Small Numbers Still Count
All difficult things have their origin in that which is easy, and great things in that which is small.
Lao Tzu
Everything starts off small — a word, a note, a brick — but put enough of them together and you can build something astonishing.
Write two hundred words daily and you’ll have enough material for four novels. Writing over a third of a million words is guaranteed to hone your skills.
Years ago I wanted to write seriously. But I was juggling home and work and exhaustion, and couldn’t see how to find time or energy for it.
So I committed to one hundred and fifty words daily after dinner, whatever happened, even if I just typed I’m so tired over and over. Sometimes it was gibberish but eventually those words turned into short stories, then a novella.
If I’d waited for the ideal conditions I might never have started. My daily goal was tiny, but that’s exactly what made it achievable. Persistence pays off in the end.
When it comes to ageing, we can’t turn the clock back.
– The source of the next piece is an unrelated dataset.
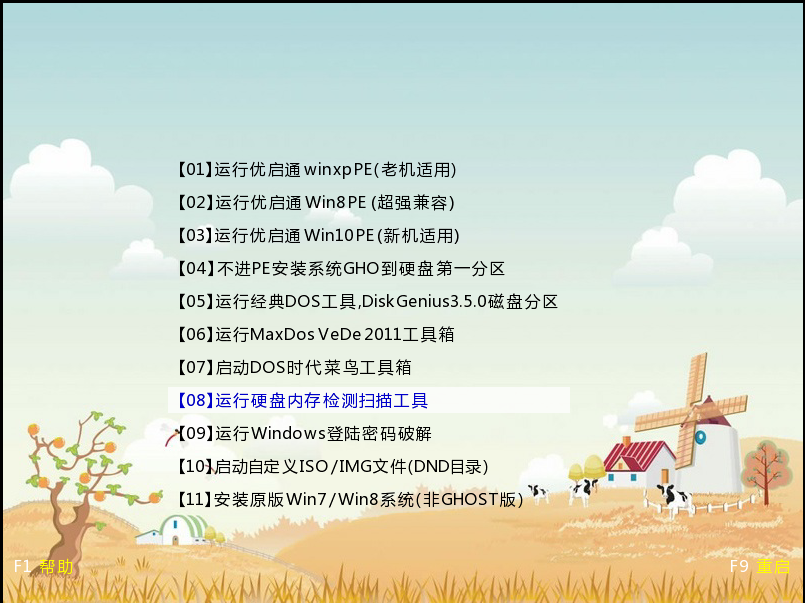 第二步:选择【08】运行硬盘内存检测扫描工具,按Enter键确定;

But we can slow some processes down. Future you will thank present you for wearing sunscreen daily, cutting out that dessert or bread roll, and getting enough sleep.
Walk thirty minutes daily and you’ll see your health improve. Make time to connect with a child daily, and reap the benefits. You’ll build better connection in fifteen intentional minutes daily than in the most amazing annual vacation.
It’s all about building big improvements in small increments.
One step after another in the right direction will take you as far as you need to go. Don’t discount any small amount of progress — success is built of innumerable tiny actions.
The man who moves a mountain begins by carrying away small stones.
Confucius
Make time work with you, instead of feeling helpless.
Time will pass anyway, so use it to build something you’ll be proud of. Pick up your first pebble right now and start to move your personal mountain.